This will result in an API payload like

{
  "messages": [
    {
      "role": "system",
      "content": "Act as if you are a powerful medival king."
    },
    {
      "role": "user",
      "content": "What will you eat today?"
    }
  ],
  "model": "gpt-3.5-turbo",
  "stream": true,
  "max_tokens": 250,
  "temperature": 1.2
}

For some prompt ideas see for example Awesome ChatGPT Prompts.

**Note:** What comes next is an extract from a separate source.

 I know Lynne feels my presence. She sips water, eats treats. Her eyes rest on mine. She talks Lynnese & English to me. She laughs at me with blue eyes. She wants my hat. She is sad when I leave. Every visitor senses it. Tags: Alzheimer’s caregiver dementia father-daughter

When generating images using the :image flag, images will appear underneath the ai block inline. Images will be stored (together with their prompt) inside org-ai-image-directory which defaults to ~/org/org-ai-images/.

Image variation

You can also use an existing image as input to generate more similar looking images. The org-ai-image-variation command will prompt for a file path to an image, a size and a count and will then generate as many images and insert links to them inside the current org-mode buffer. Images will be stored inside org-ai-image-directory. See the demo below.

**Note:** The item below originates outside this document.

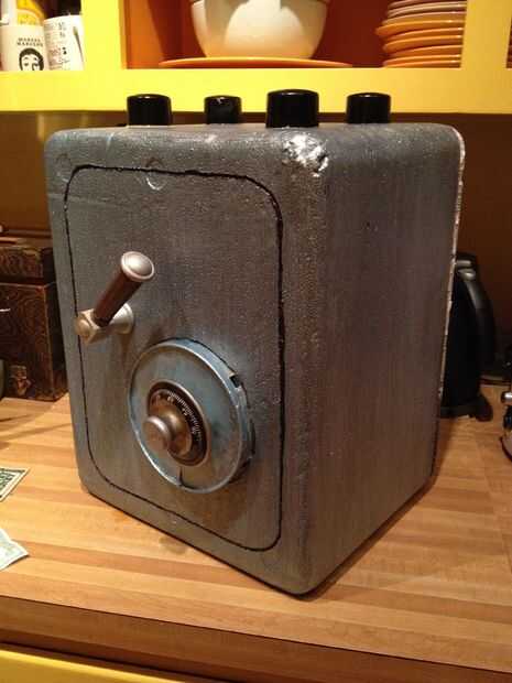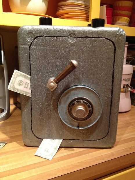Primero he creado una puerta imaginaria para la caja fuerte trazo y corte refrigerador usando un cúter - corte un poco pero no completamente a través un esquema de uno en la parte inferior de la espuma de poliestireno grueso. Luego, pinté el refrigerador gris metálico usando una pintura acrílica. Entonces hice un marco circular de la esfera utilizando una tapa de caja de cartón redonda que pinté del mismo color que la caja fuerte, agregando un pequeño pintado flecha negra en - una vez que estaba seco, jodido el disco directamente en el centro de este marco redondo con un tornillo y restos de núcleo de espuma extra de refuerzo. Hice 4 pies para la caja fuerte usando spray de tapas de plástico (de 4 botellas de desodorante) pintados de negro y fija los y el cuadro de esfera redonda seguro del enfriador en sus lugares apropiados por trazar y cortar sus contornos ligeramente en la espuma de poliestireno usando un cortador de la caja, encajar en la espuma un poco por la presiona y luego usar pegamento blanco a lo largo de los bordes para mantenerlos en su lugar (no olvide dejar un tiempo de secado apropiado!). Os adjunto el controlador seguro usando un tornillo desde el interior con restos de espuma y las arandelas como refuerzo. Finalmente, hice una correa elástica para sujetar el falso seguro a mi cuerpo diagonalmente a través de mi espalda por corte, por lo mis brazos podrían ser libres realizar el "transporte" se mueve durante el desfile, harían temblar a la "caja fuerte" que fue tan fuerte que mi ladrón no podía soportar el peso, alzamiento arriba dramáticamente involucrar mi barbilla en la realización , mover mis manos arriba y abajo del lado, etc.... Para acoplarlo, corté un 1" por la raja en la parte superior y lateral del refrigerador/segura (usted decida donde es lo mejor para usted, así que es cómodo), a ancho suficiente para alimentar en una correa elástica que luego ajustado y asegurado desde el interior usando un broche aprietapapel grande sobre un taco de madera a ambos lados de la correa. Por último, trazó el contorno de la puerta falsa de la caja fuerte con un rotulador negro para poner de relieve la falsa apertura y trocear un dinero falso y había colocada alrededor de la puerta falsa usando pegamento blanco más.

For more information see the OpenAI documentation. The input image needs to be square and its size needs to be less than 4MB. And you currently need curl available as a command line tool1.

Demos

ChatGPT in org-mode

#+begin_ai
Is Emacs the greatest editor?
#+end_ai

chat-gpt in org-mode

You can continue to type and press C-c C-c to create a conversation. C-g will interrupt a running request.

DALL-E in org-mode

#+begin_ai :image :size 256x256
Hyper realistic sci-fi rendering of super complicated technical machine.
#+end_ai

dall-e in org-mode

Image variations

dall-e image generation in org-mode

Options

The #+begin_ai...#+end_ai block can take the following options.

For ChatGPT

By default, the content of ai blocks are interpreted as messages for ChatGPT. Text following [ME]: is associated with the user, text following [AI]: is associated as the model's response. Optionally you can start the block with a [SYS]: <behahvior> input to prime the model (see org-ai-default-chat-system-prompt below).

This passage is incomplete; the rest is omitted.